### TRY IT
Retype the data below exactly; skip every image.

### INFORMATION PROVIDED
= Beginning of Section =
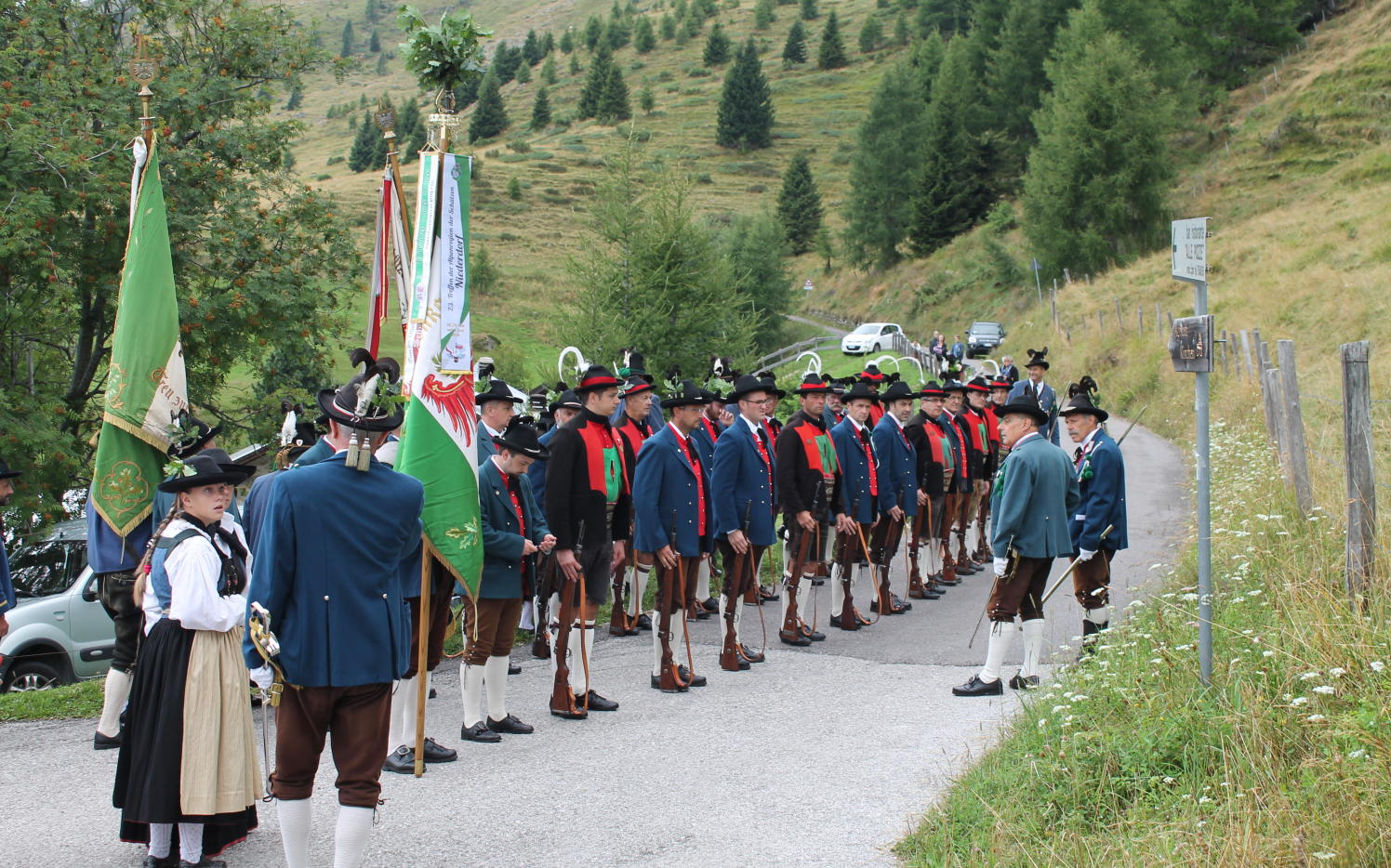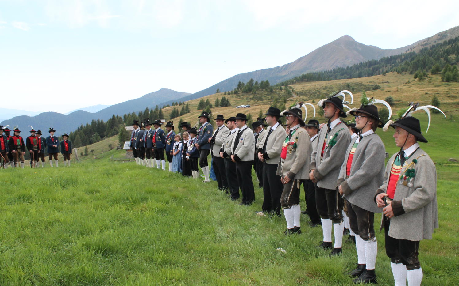 Die Malga Colo liegt auf der orografisch linken Seite des Valsugana – Tales auf ca. 1740 m Meereshöhe und ist von den Ortschaften Roncegno Terme und Ronchi über eine Forststraße bequem mit dem PKW zu erreichen. So fanden sich dort pünktlich um 10:00 h die Abordnungen aus dem Lechtal, aus dem Zillertal, aus Alpach und aus Algund ein, um zusammen mit der gastgebenden Schützenkompanie Telve die Gedenkfeier abzuhalten.
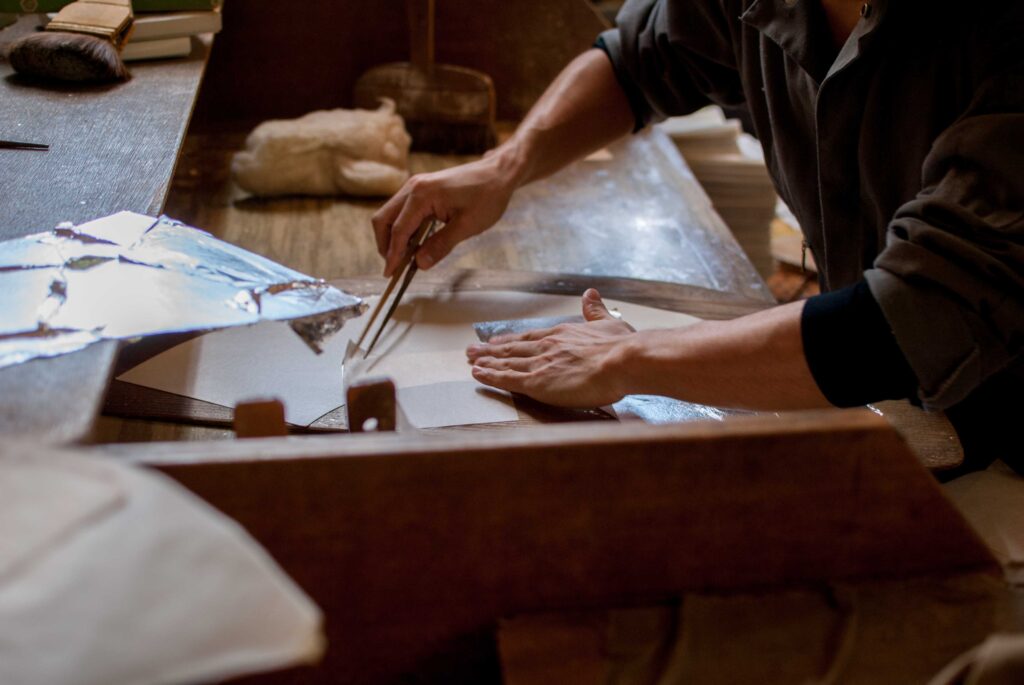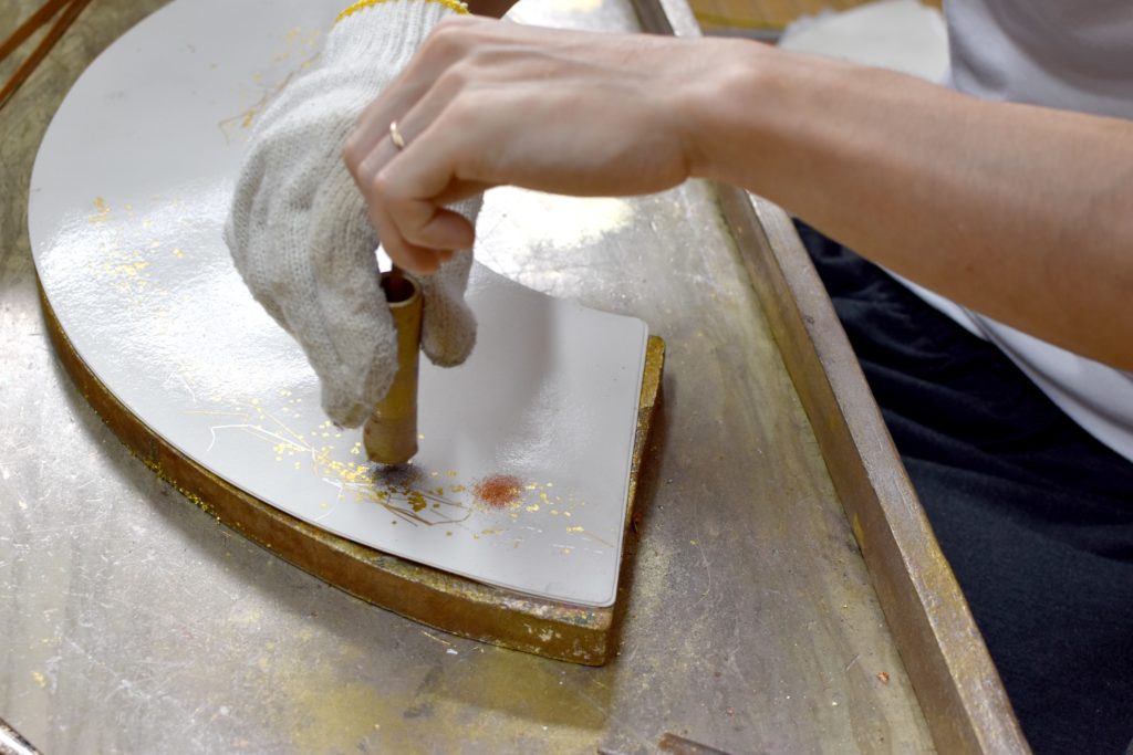技術的な特徴としては、砂子、野毛など蒔絵に使われる技術から無地で並べていく箔押しまで幅広い表現方法をもっていて、後に折りという工程を経ても剥がれないという点です。
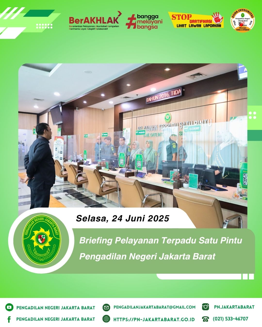 *PNJB, 24 Juni 2025* - Bertempat di lobi PTSP Pengadilan Negeri Jakarta Barat, telah diadakan briefing khusus bagi petugas Pelayanan Terpadu Satu Pintu (PTSP) yang dipimpin oleh Bapak Agus Ardiansyah S.Sos., M.H., selaku Kepala Bagian Umum
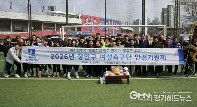 경기헤드뉴스 권준형 기자 | 수원시 장안구 여성축구단은 지난 5일, 수원종합운동장 인조잔디구장에서 선수단과 관계자 등 30여 명이 참석한 가운데 2026년 안전기원제를 진행했다.
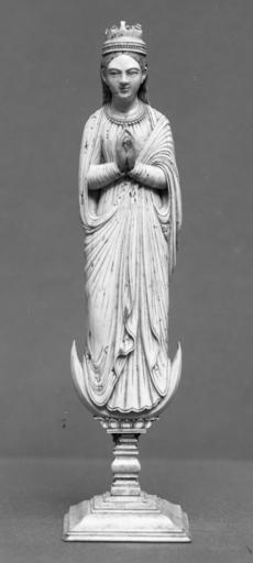 | Keywords: Sri Lankan - Virgin of the Immaculate Conception - Walters 71341 (2).jpg The Virgin's mantle falls in the elegant linear folds of Indian sculpture The native style and facial features are smoothly adapted to the Christian apocalyptic iconography of the Virgin who is represented standing on a crescent moon With little reference to the body beneath the robes her physical energy is directed into the peace and serenity of prayer Native and European vocabularies are in dialogue Christianity came with the Portuguese in 1505 Known to Europeans in the 17th century as Ceylon the island became officially known as Sri Lanka in 1972 ca 1690 1710 carved ivory with gilt and polychromy cm 25 7 accession number 71 341 8751 Don Marcello Massarenti Collection Rome 1897 catalogue vol II no 478 as a Florentine work of the 15th century Henry Walters city Baltimore Walters Art Museum Henry Walters Acquired by Henry Walters with the Massarenti Collection 1902 place of origin Ceylon in present-day Sri Lanka <gallery> File Sri Lankan - Virgin of the Immaculate Conception - Walters 71341 jpg </gallery> Walters Art Museum license Art of India in the Walters Art Museum Baroque sculpture in the Walters Art Museum Statues in Sri Lanka Media contributed by the Walters Art Museum needs category review |
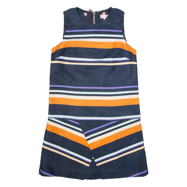 TED BAKER Womens Shift Dress Blue Striped Sleeveless Knee Length S
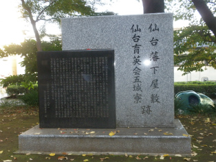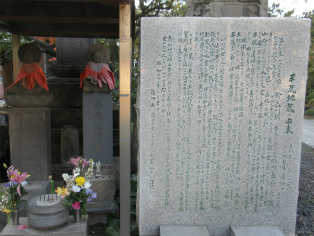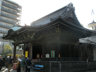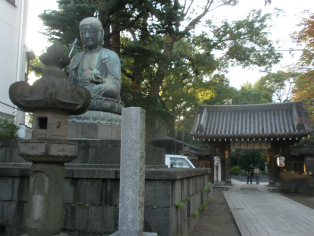 | 仙台藩下屋敷跡の石碑 | 海雲寺の「千躰荒神堂」 |
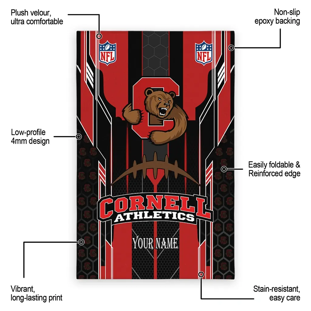Hit a home run with your favorite team by displaying the Cornell Big Red Rug – Personalized Football Laces Red from MLB Fan Zone. Featuring a bold team design and crafted with plush velour, this durable sports rug offers ultimate comfort for your home or game-day fan cave. With a quality non-slip grip and stay-flat design, it’s the perfect accessory for any die-hard fan ready to rep their team from the living room to the clubhouse.
= End of Section =
### EXPECTED ANSWER
 Die Malga Colo liegt auf der orografisch linken Seite des Valsugana – Tales auf ca. 1740 m Meereshöhe und ist von den Ortschaften Roncegno Terme und Ronchi über eine Forststraße bequem mit dem PKW zu erreichen. So fanden sich dort pünktlich um 10:00 h die Abordnungen aus dem Lechtal, aus dem Zillertal, aus Alpach und aus Algund ein, um zusammen mit der gastgebenden Schützenkompanie Telve die Gedenkfeier abzuhalten.
技術的な特徴としては、砂子、野毛など蒔絵に使われる技術から無地で並べていく箔押しまで幅広い表現方法をもっていて、後に折りという工程を経ても剥がれないという点です。
 *PNJB, 24 Juni 2025* - Bertempat di lobi PTSP Pengadilan Negeri Jakarta Barat, telah diadakan briefing khusus bagi petugas Pelayanan Terpadu Satu Pintu (PTSP) yang dipimpin oleh Bapak Agus Ardiansyah S.Sos., M.H., selaku Kepala Bagian Umum
 경기헤드뉴스 권준형 기자 | 수원시 장안구 여성축구단은 지난 5일, 수원종합운동장 인조잔디구장에서 선수단과 관계자 등 30여 명이 참석한 가운데 2026년 안전기원제를 진행했다.
 | Keywords: Sri Lankan - Virgin of the Immaculate Conception - Walters 71341 (2).jpg The Virgin's mantle falls in the elegant linear folds of Indian sculpture The native style and facial features are smoothly adapted to the Christian apocalyptic iconography of the Virgin who is represented standing on a crescent moon With little reference to the body beneath the robes her physical energy is directed into the peace and serenity of prayer Native and European vocabularies are in dialogue Christianity came with the Portuguese in 1505 Known to Europeans in the 17th century as Ceylon the island became officially known as Sri Lanka in 1972 ca 1690 1710 carved ivory with gilt and polychromy cm 25 7 accession number 71 341 8751 Don Marcello Massarenti Collection Rome 1897 catalogue vol II no 478 as a Florentine work of the 15th century Henry Walters city Baltimore Walters Art Museum Henry Walters Acquired by Henry Walters with the Massarenti Collection 1902 place of origin Ceylon in present-day Sri Lanka <gallery> File Sri Lankan - Virgin of the Immaculate Conception - Walters 71341 jpg </gallery> Walters Art Museum license Art of India in the Walters Art Museum Baroque sculpture in the Walters Art Museum Statues in Sri Lanka Media contributed by the Walters Art Museum needs category review |
 TED BAKER Womens Shift Dress Blue Striped Sleeveless Knee Length S
 | 仙台藩下屋敷跡の石碑 | 海雲寺の「千躰荒神堂」 |
Hit a home run with your favorite team by displaying the Cornell Big Red Rug – Personalized Football Laces Red from MLB Fan Zone. Featuring a bold team design and crafted with plush velour, this durable sports rug offers ultimate comfort for your home or game-day fan cave. With a quality non-slip grip and stay-flat design, it’s the perfect accessory for any die-hard fan ready to rep their team from the living room to the clubhouse.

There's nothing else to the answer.